(457b) Addressing Challenges In the Simulation of Lithium-Ion Battery Models

Though Lithium-Ion battery was commercialized in 1991, it has several challenging issues to be addressed for potential applications like satellite, military and hybrid vehicles.1-6

Usually, the lithium-ion battery models have multiple partial differential equations in multiple dimensions (namely spatial coordinate x along the electrode and spatial coordinate r along the solid particles) with highly nonlinear kinetic and transport expressions that govern the entire electrochemical behavior of the battery system. Hence, with this nature of the model, its simulation process is computationally challenging even for normal design and analysis purposes. But, real-time simulation is necessary due to the technological developments in power systems that includes hybrid and stand alone environments.

With growing power requirements, batteries and fuel cell are playing vital role in advanced technologies like a portable power system that can power the entire building or office spaces. This also necessitates parameter estimation and capacity fade analysis in battery applications.

Recent researches7-12 that support the real-time simulation and parameter estimation revealed that advanced mathematical methods with thorough knowledge in battery system is needed to convert the highly nonlinear and multi-dimension battery models in to a mathematical form that can govern the battery behavior without losing physical significance.

This talk will present these and other developments in the real-time simulation and parameter estimation using a rigorous lithium-ion battery model. Progresses made in simulating different discrete events in battery management, cycling studies will also be presented. For example, a code that simulates 1000 cycles of charge-discharge behavior of a typical lithium-ion cell using physics based rigorous models in less than minute has been developed and will be presented.

Acknowledgements

The authors would like to acknowledge the US Government, US Army CECOM and NSF for funding various lithium-ion batteries modeling related work. The corresponding author VS would like to acknowledge Professor John Newman, University of California Berkeley for suggesting the need for real-time simulation of lithium-ion battery models.

References

1. G. G. Botte, V. R. Subramanian, and R. E. White, 2000, Electrochim. Acta, 45, 2595.
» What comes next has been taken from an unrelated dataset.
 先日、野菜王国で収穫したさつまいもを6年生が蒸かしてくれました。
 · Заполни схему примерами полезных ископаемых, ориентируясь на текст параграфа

2. V. R. Subramanian, V. D. Diwakar, D. Tapriyal, J. Electrochem. Soc., 152(10), A2002-A2008 (2005).

3. V. D. Diwakar and V. R. Subramanian, J. Electrochem. Soc., 152(5), A984-A988 (2005).

4. S. Devan, V. R. Subramanian and R. E. White, J. Electrochem. Soc., 152(5), A947-A955 (2005).

5. Q. Guo, V. R. Subramanian, J. W. Weidner and R. E. White, J. Electrochem. Soc., 149(3), A307-A318 (2002).

6. V. R. Subramanian, P. Yu, B. N. Popov and R. E. White, J. Power Sources, 96(2), 396-405 (2001).

7. Vijayasekaran Boovaragavan and Venkat Subramanian. Journal of Power Sources, 173(2), 1006-1011, 2007.

8. Venkat Subramanian, Vijayasekaran Boovaragavan and Vinten Diwakar. Electrochemical and Solid-State Letters, 10(11), A225-A260, 2007.

9. Vijayasekaran Boovaragavan and Venkat Subramanian. Electrochemistry Communications, 9(7), 1772-1777, 2007.

10. Venkat Subramanian, Vijayasekaran Boovaragavan, Kartik Potukuchi, Vinten Diwakar and Anupama Guduru. Electrochemical and Solid-State Letters, 10(2), A25-A28, 2007.

11. Vijayasekaran Boovaragavan, Vinten Diwakar and Venkat Subramanian, ?Review of various simulation approaches for lithium-ion battery models? in ?Advanced Materials and Methods for Lithium-Ion Batteries,? Research Signpost, India, in press, 2007. (Invited article)

12. V. R. Subramanian, V. Boovaravan and V. D. Diwakar, "System Level Component Models for Electrochemical Power Sources in Hybrid Environments", The 2006 Annual AIChE meeting, San Francisco, November 2006.